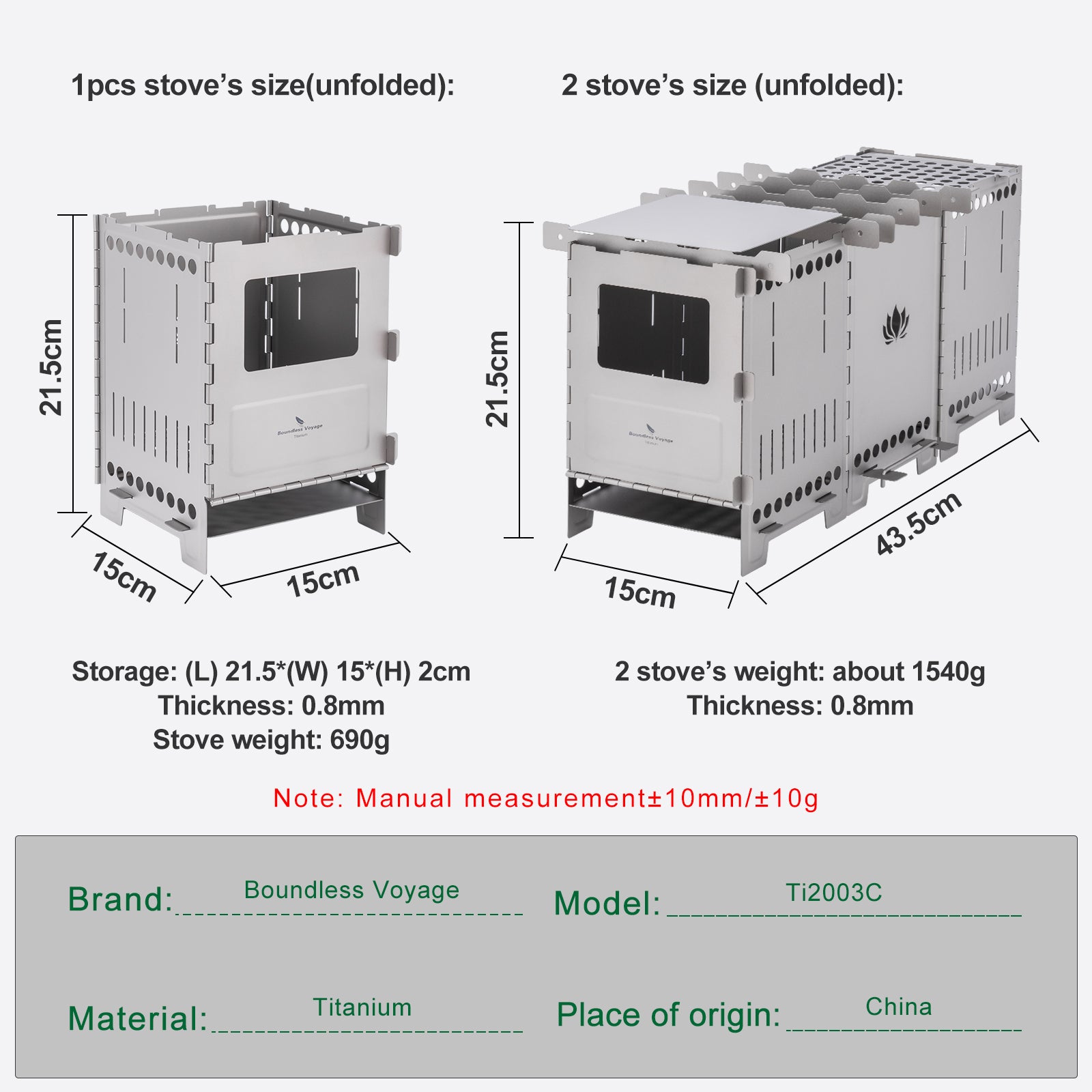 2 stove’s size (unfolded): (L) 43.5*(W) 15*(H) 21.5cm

---*---

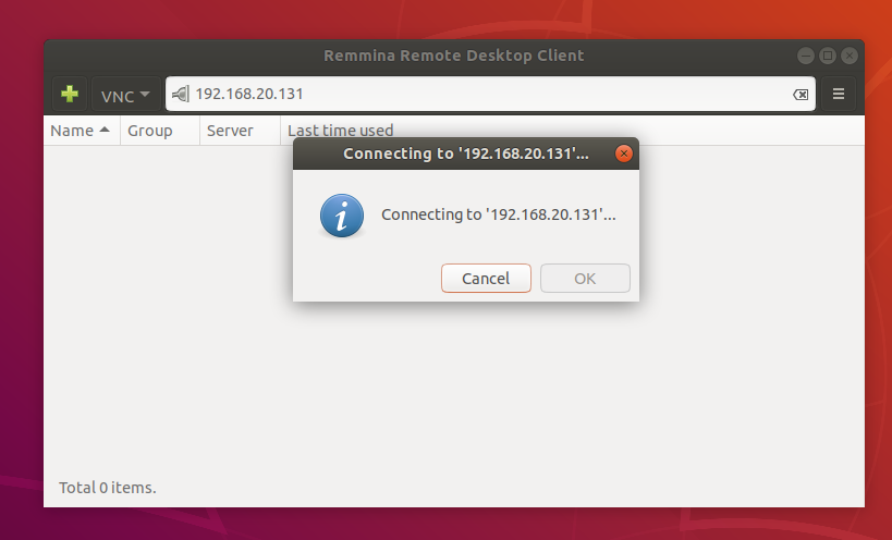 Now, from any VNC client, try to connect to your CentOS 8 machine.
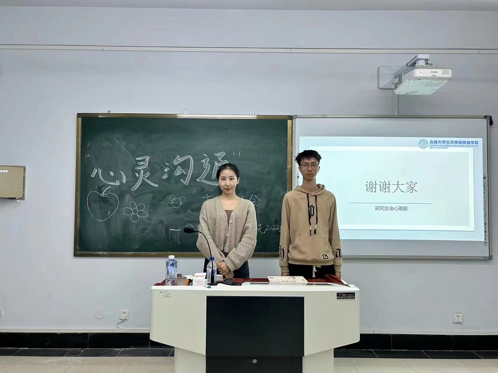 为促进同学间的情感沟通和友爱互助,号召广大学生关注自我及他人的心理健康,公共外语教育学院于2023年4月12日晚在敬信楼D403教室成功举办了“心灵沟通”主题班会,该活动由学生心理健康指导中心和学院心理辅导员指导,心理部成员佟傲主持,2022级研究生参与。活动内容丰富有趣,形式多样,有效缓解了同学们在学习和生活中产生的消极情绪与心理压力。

---*---

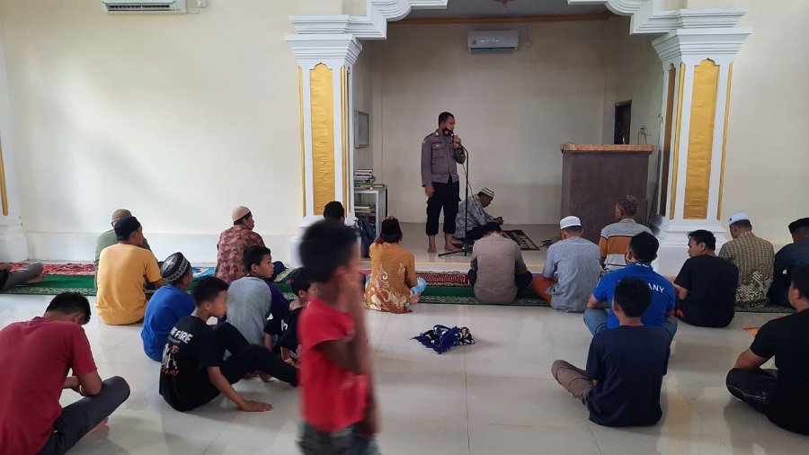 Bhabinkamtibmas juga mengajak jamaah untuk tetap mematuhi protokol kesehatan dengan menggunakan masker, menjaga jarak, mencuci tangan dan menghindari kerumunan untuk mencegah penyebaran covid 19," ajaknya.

---*---

Exercise details — Would you copy the lines above exactly, starting with the one that has "Now, from any" and ending with the one that has "为促进同学间的情感沟通和友爱", both included, without the pictures?

Response to the task —
 Now, from any VNC client, try to connect to your CentOS 8 machine.
 为促进同学间的情感沟通和友爱互助,号召广大学生关注自我及他人的心理健康,公共外语教育学院于2023年4月12日晚在敬信楼D403教室成功举办了“心灵沟通”主题班会,该活动由学生心理健康指导中心和学院心理辅导员指导,心理部成员佟傲主持,2022级研究生参与。活动内容丰富有趣,形式多样,有效缓解了同学们在学习和生活中产生的消极情绪与心理压力。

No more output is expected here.